LNA MODIFICATIONS

GM-6932 / 4000C for 10 GHz

The Fugitsu GM-6932 or Norsat 4000C is one of the newer low noise block down converters or LNBs. To convert the 4000C into an LNA requires both circuit and hardware modifications. The only components that are needed are the voltage regulator and the two transistor amplifiers. The oscillator, mixer, filter and IF amplifiers are not required and must be removed or disconnected. The F connector on the LNB carried voltage and the IF output. This LNB has two tuning screws which are removed. Tuning is done on the waveguide to SMA adaptor.

As seen in the third photo, the regulator is mounted under the circuit board and attached to the case. The two amplifiers and the filter run down the center of the board and the oscillator is the small puck below the two amplifier stages.

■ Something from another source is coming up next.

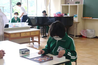 昼休みには、あおぞら学級に遊びに行く子もいます。奥でピアノを弾いていましたが、カメラを構えると照れくさそうに逃げてしまいました・・・

The F connector pin attaches to the left side of the PC board.

The PC board is only held on by being soldered to the F connector and the three pins of the regulator. Once unsoldered, the casting and the PC board can be modified.



The traces of the filter section are removed with scrapers. The trace by the regulator is cut to disable unused circuits. This reduces the power drain to 25 ma. One of the caps may be saved and used as the blocking capacitor. A small hole is drilled near the output stage. This is used to mark the placement for the SMA connector. The hole is enlarged in the case for the SMA insulated shaft. Additional ground material near the hole may be removed to give better placement for the SMA. Two 2-56 holes are drilled and tapped to mount the SMA connector. The hole in the PC board is enlarged to the size of the SMA pin and the area around the underside of the hole has the ground plating removed using a small drill. The oscillator "puck" may be removed, but it isn't necessary.





The blocking capacitor is soldered between the SMA pin and the edge of the amplifier output trace.



The unit is ready for testing once a WR75 transition has been provided. A suitable transition is described here.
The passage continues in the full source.